My primary research interests are in the areas of memory and language – specifically, how semantic and episodic memory interact to influence information processing. Over a lifetime of experience, the human cognitive system acquires a vast amount of information, which is stored in semantic memory. This semantic knowledge includes our understanding of the world, thousands of facts, and our mental lexicon (or dictionary).

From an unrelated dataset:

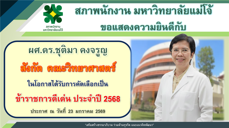 สภาพนักงาน มหาวิทยาลัยแม่โจ้ ขอแสดงความยินดีกับ ผู้ช่วยศาสตราจารย์ ดร.ชุติมา คงจรูญ สังกัด คณะวิทยาศาสตร์ ในโอกาสได้รับการคัดเลือกเป็น ข้าราชการดีเด่น ประจำปี 2568ตามประกาศมหาวิทยาลัยแม่โจ้ ณ วันที่ 23 มกราคม 2569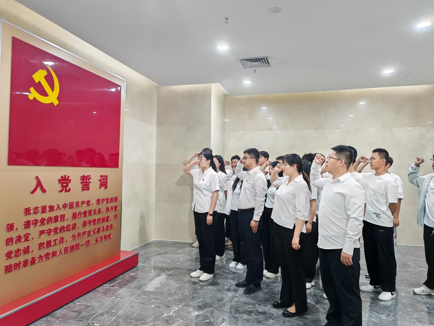 活动伊始,党员们在宣誓人的带领下,面对鲜红的党旗和庄严的誓词,高举右拳,重温入党誓词。通过铿锵有力的宣誓警醒自己,不忘初心,继续前进。

My current research focuses on three inter-related questions. First, it is important to understand how the information in semantic stores is organized (Balota & Coane, 2008) and what factors influence how and when we can access specific items (e.g., Coane & Balota, 2009, 2010, 2011; Coane et al., 2015). Second, I examine how pre-existing knowledge influences new learning, often resulting in distortions or errors (e.g., Coane & McBride, 2006; Coane et al., 2007; Huff et al., 2012; Coane et al. 2014). A third line of research involves examining what study strategies and techniques result in the most effective long-term retention (Coane, 2013).

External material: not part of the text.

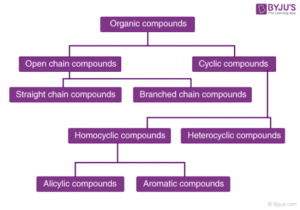 Acyclic (Open-chain) Compounds: These have straight or branched chains. Example: butane (used in cooking gas).

In my research, I test younger and healthy older adults, to understand how these cognitive processes change across the lifespan. As we age, certain aspects of memory, primarily those dependent on controlled processing, tend to decline, whereas general knowledge, language skills, and automatic processes are preserved. Thus, a developmental approach allows me to examine changes in memory as a function of age while also providing a means of testing theoretical accounts of different cognitive phenomena.